Her eighth title here – only Martina Navratilova has won a more – and a place alongside Margaret Court at the summit of the all-time lists with 24 major titles awaits if he can hold her nerve in Saturday’s showpiece.

That perhaps is the big question come Saturday morning, considering her two previous Grand Slam finals since giving birth have gone the other way. If losing to an inspired Angelique Kerber here last year was one thing, it was another entirely to meltdown in the manner she did in defeat against Naomi Osaka at the US Open, being docked of first a point and then a game for coaching violations and racket abuse. Perhaps it may also have helped her to exorcise a few of those demons in a self-penned essay on the subject which appeared in Harpers’ Bazaar magazine only this week.

“I was calm today,” said Serena. “But it’s a day-to-day basis with me. We all know that. I’m far from perfect.

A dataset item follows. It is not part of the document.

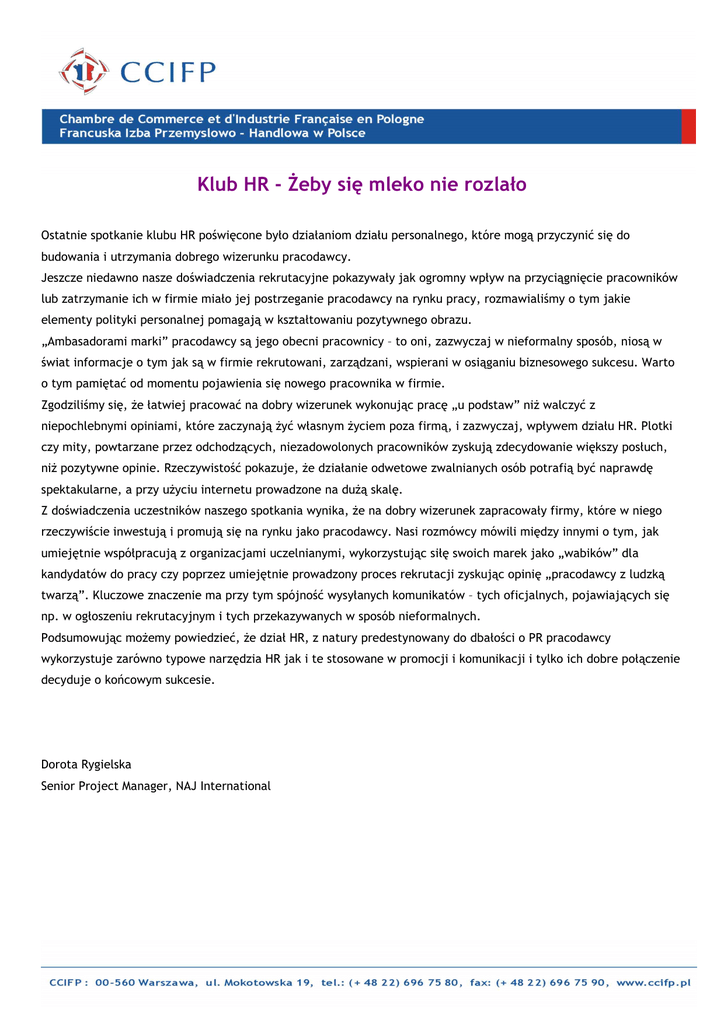 Klub HR - Żeby się mleko nie rozlało Ostatnie spotkanie klubu HR poświęcone było działaniom działu personalnego, które mogą przyczynić się do budowania i utrzymania dobrego wizerunku pracodawcy. Jeszcze niedawno nasze doświadczenia rekrutacyjne pokazywały jak ogromny wpływ na przyciągnięcie pracowników lub zatrzymanie ich w firmie miało jej postrzeganie pracodawcy na rynku pracy, rozmawialiśmy o tym jakie elementy polityki personalnej pomagają w kształtowaniu pozytywnego obrazu. „Ambasadorami marki” pracodawcy są jego obecni pracownicy – to oni, zazwyczaj w nieformalny sposób, niosą w świat informacje o tym jak są w firmie rekrutowani, zarządzani, wspierani w osiąganiu biznesowego sukcesu. Warto o tym pamiętać od momentu pojawienia się nowego pracownika w firmie. Zgodziliśmy się, że łatwiej pracować na dobry wizerunek wykonując pracę „u podstaw” niż walczyć z niepochlebnymi opiniami, które zaczynają żyć własnym życiem poza firmą, i zazwyczaj, wpływem działu HR. Plotki czy mity, powtarzane przez odchodzących, niezadowolonych pracowników zyskują zdecydowanie większy posłuch, niż pozytywne opinie. Rzeczywistość pokazuje, że działanie odwetowe zwalnianych osób potrafią być naprawdę spektakularne, a przy użyciu internetu prowadzone na dużą skalę. Z doświadczenia uczestników naszego spotkania wynika, że na dobry wizerunek zapracowały firmy, które w niego rzeczywiście inwestują i promują się na rynku jako pracodawcy. Nasi rozmówcy mówili między innymi o tym, jak umiejętnie współpracują z organizacjami uczelnianymi, wykorzystując siłę swoich marek jako „wabików” dla kandydatów do pracy czy poprzez umiejętnie prowadzony proces rekrutacji zyskując opinię „pracodawcy z ludzką twarzą”. Kluczowe znaczenie ma przy tym spójność wysyłanych komunikatów – tych oficjalnych, pojawiających się np. w ogłoszeniu rekrutacyjnym i tych przekazywanych w sposób nieformalnych. Podsumowując możemy powiedzieć, że dział HR, z natury predestynowany do dbałości o PR pracodawcy wykorzystuje zarówno typowe narzędzia HR jak i te stosowane w promocji i komunikacji i tylko ich dobre połączenie decyduje o końcowym sukcesie. Dorota Rygielska Senior Project Manager, NAJ International

“I definitely feel like I play better when I’m calm,” she added. “But it’s definitely an effort. Not getting over-pumped, but at the same time not getting under-wound. I have to be in that right space.

“I don’t remember much about 12 months ago. I just remember I was tired and Angie played unbelievable. I was sad but also proud of myself. I did everything I could. Physically I just wasn’t there. But now I have to look at it in a different place. This whole year I have been trying to stay fit so I can be able to play in Grand Slams.”

Is this Saturday the day that everything falls into place and Serena takes her place at the summit of the all-time lists? Perhaps, but those fiendish tennis Gods have pitted her against perhaps the only player right now who seems capable of upsetting the applecart.

It may have been a surprisingly straightforward 6-1, 6-3 victory saw Romania’s Simona Halep past the challenge of Ukraine’s Elina Svitolina and through to her first Wimbledon final, but this 27-year-old is also a new and improved version from the one which tumbled to Eugenie Bouchard in her only previous SW19 semi-final.

Armed with her first Grand Slam title, the 2018 French Open, there is a steeliness about this Romanian which was demonstrated when she crushed Coco Gauff’s dream earlier in this tournament. While she has won just one of her ten meetings against Williams to date – way back at Indian Wells in 2015 – this talented returner and baseline battler is one of the few players on the tour who will fancy her chances of returning Serena’s mighty serve. Working with Andy Murray’s former psychologist, Alexis Castorri, helps.

“I have played many matches against her,” said Halep. “Many of them were very close. I have learned that I have the chance to win against her. Of course, I respect a lot what she has done and what she’s doing. But now I feel stronger mentally facing her.

“I’m desperate to win Wimbledon more than to stop her. I will focus on myself. I’m not thinking about her record. Of course, it is huge. But her records are huge already.”

Deriving inspiration also from her long-term coach Darren Cahill, who is back in her box in an advisory role, Halep has dropped just one set all fortnight. Already the first Romanian woman to reach the final, she won’t be overawed when it comes to the showpiece. But the vibe is subtly different to last year Serena said that she had played ‘for all the mothers out there’. “This year I’m just playing for me,” she said.